It's Not a "Nitpick" if You're Wrong

If you engage even a little bit with AI-originated code reviews, you’ll probably hear the word “nitpick.” CodeRabbit not only has a setting that explicitly advertises the suppression of “nitpicks,”

CodeRabbit's "Nitpicky" Setting and warning

but the reviews it emits explicitly classify and collapse some findings under that label:

CodeRabbit's "Nitpick" Findings

When I was first setting up CodeRabbit, I of course set it to “Chill” mode because who wants nitpicks on their code reviews? I’ll just take my quality feedback, thank you very much.

But, I’m a curious person.
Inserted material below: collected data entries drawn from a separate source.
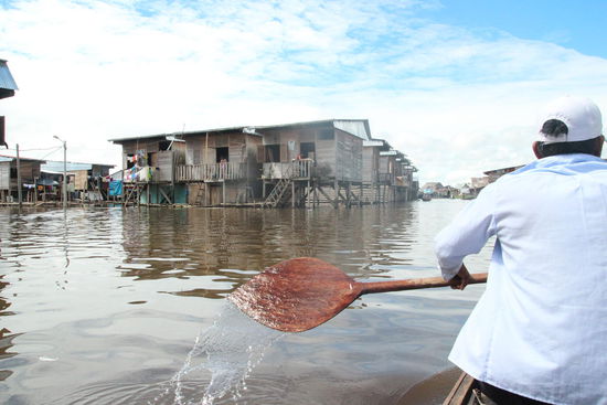 Gleich am ersten Tag haben wir uns noch den ziemlich großen Markt im relativ armen Stadtteil Belèn angesehen, auf dem man wohl so ziemlich alles kaufen kann, was der umliegende Urwald zu bieten hat. Deshalb werden leider auch sämtliche lebenden Tiere oder schon zum Essen verarbeitete angeboten. Im Anschluss daran haben wir ne kleine Bootstour durch das, jährlich für sechs Monate unter Wasser stehende Wohngebiet unterhalb des Marktes gemacht, deren Bewohner überraschenderweise gut mit der doch relativ belastenden Wassersituation umzugehen scheinen. Belèn ist angeblich die größte Stadt/Gebiet der Welt, das ausschließlich auf Pfählen errichtet ist.
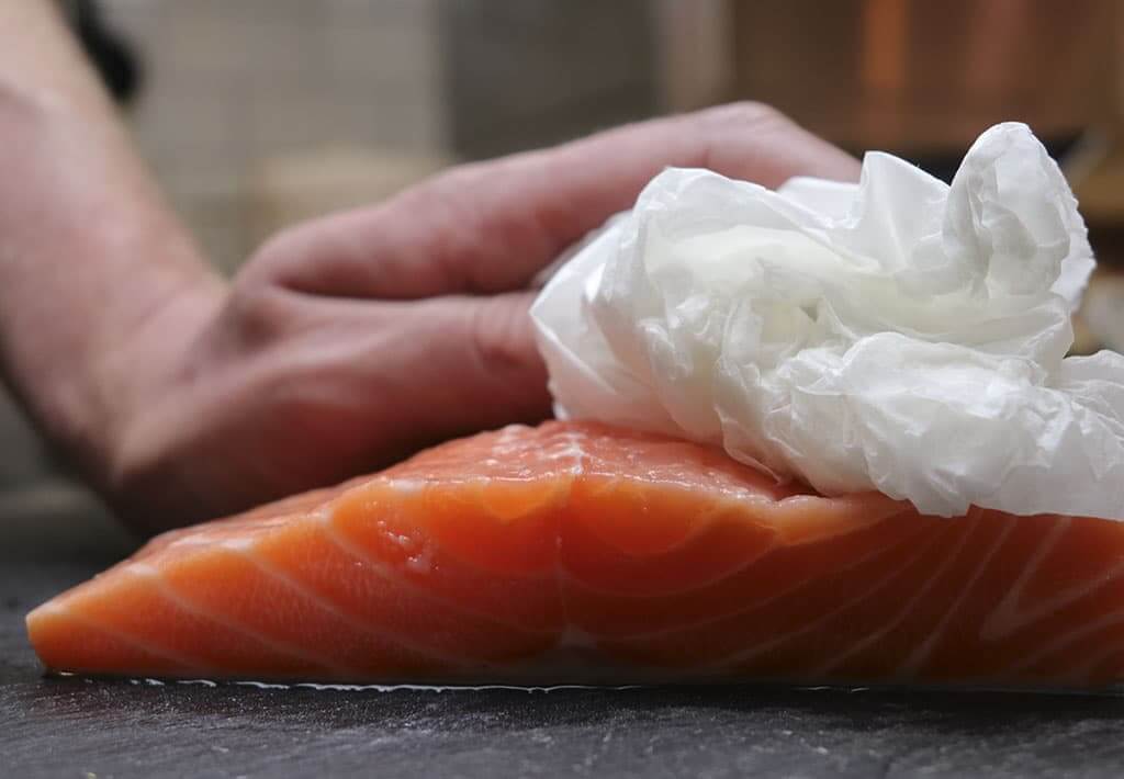 Dep de zalm goed droog. Gebruik keukenpapier om overtollig vocht te verwijderen, dit helpt bij het verkrijgen van een krokante huid.
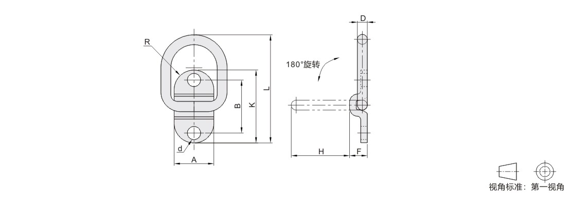 吊环位置可绕单轴旋转180°,在一定范围类可保证工件起吊时的角度,保证其处于水平面。
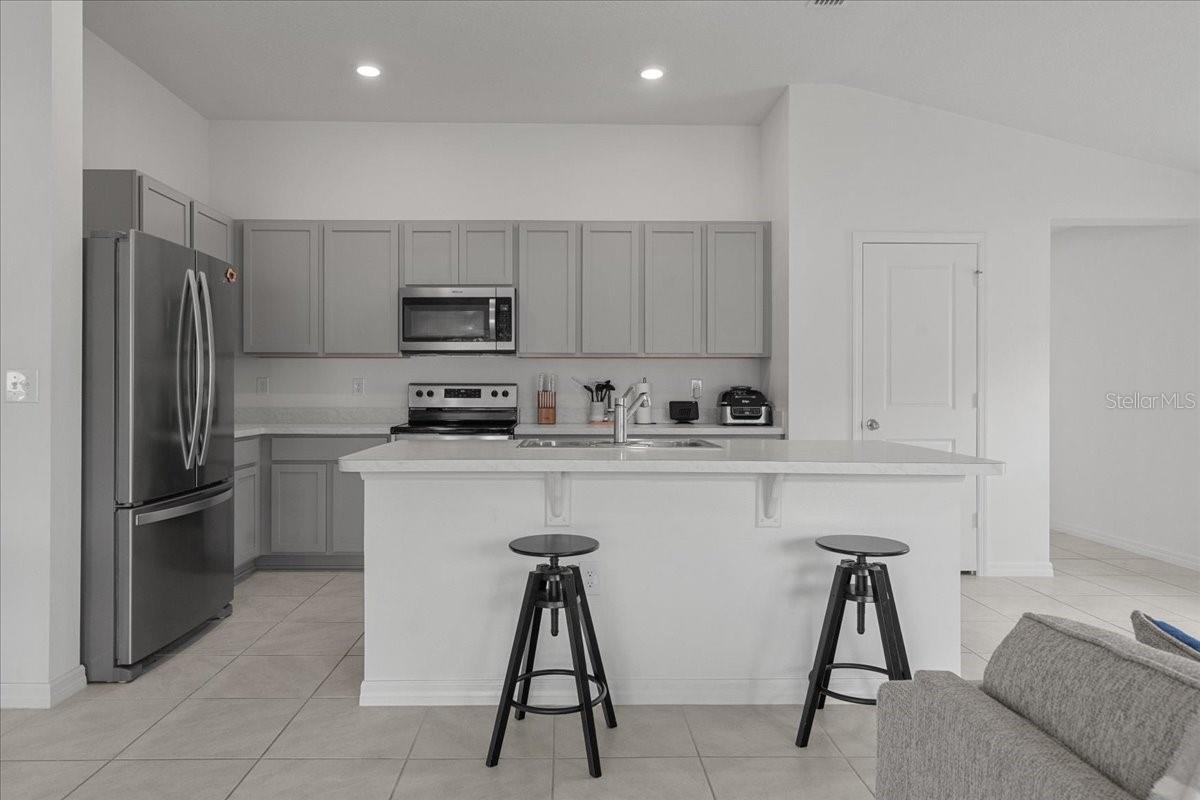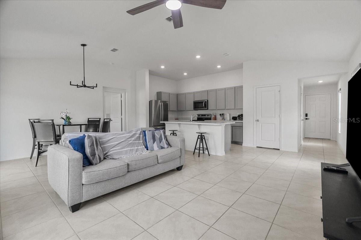 Bem -vindo a esta casa quase nova na altamente desejável Deer Run Estates! Construído há apenas um ano, esta casa de 3 quartos e 2 banheiros apresenta um layout atencioso de quartos divididos que oferece muita privacidade. A planta aberta está cheia de luz natural, tornando -a um ótimo espaço para a vida e o entretenimento cotidianos. A cozinha possui utensílios de aço inoxidável e belos armários cinzentos, com pisos de ladrilhos que se estendem pelas áreas principais. Os quartos têm tapete aconchegante, e a suíte master fornece um retiro pacífico com seu próprio banheiro e amplo espaço. A casa é eficiente em termos de energia com uma classificação de estrela energética da KB e inclui um quintal totalmente cercado-animais de estimação perfeitos ou reuniões ao ar livre. Localizado em Deer Run Estates, esta casa oferece um grande quintal cercado, taxas baixas de HOA e sem CDD. Desfrute de diversão ao ar livre com um playground próximo e trilha de caminhada a poucos passos da sua porta. Além disso, é convenientemente perto de Lake Nona, The Turnpike e US 192, facilitando seu trajeto diário. Esta casa é imperdível-schedule sua exibição hoje!
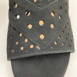 Adrienne Vittadini Phil Black Fine Leather Slingback Heeled Sandals. Model number AV-PHIL. Beautiful laser cut out details. Cone heel. Preowned Women's Size 8 M. Shoes show some wear and markings/blemishes.
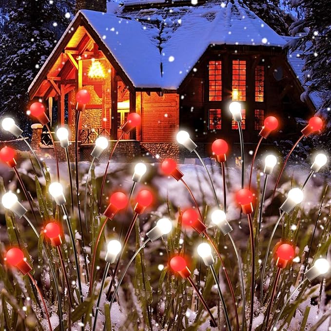 • [SWAYING BY WIND]: Solar Christmas lights swaying by the wind, as if fireflies flying in the yard; The branches are soft and flexible, and the unique design structure allows it to sway with the wind. The combination of red and white can emit warm and romantic lighting, creating a joyful atmosphere and fun at Christmas decorations parties.

Despite the nitpicks being suppressed and hidden, I still peeked at them from time to time. Every time I peeked, they, uh… were actually pretty accurate issues. Dang, I should fix those. When you add up the “normal” findings plus the “nitpick” findings on an AI review of an AI PR, it can sometimes be a lot…

My solution was to whip up a couple prompts to handle PR feedback. And though not all findings always end up fixed in the PR at the moment, they - including the “nitpicks” - are usually valid issues that should be fixed sometime soon.

At my workplace, we also have an AI reviewing code - reviewing pull requests - a custom thing that isn’t CodeRabbit. It, too, tries to rank the severity of feedback and there is a section of low-severity findings that could maybe be called nitpicks, though it doesn’t call them that.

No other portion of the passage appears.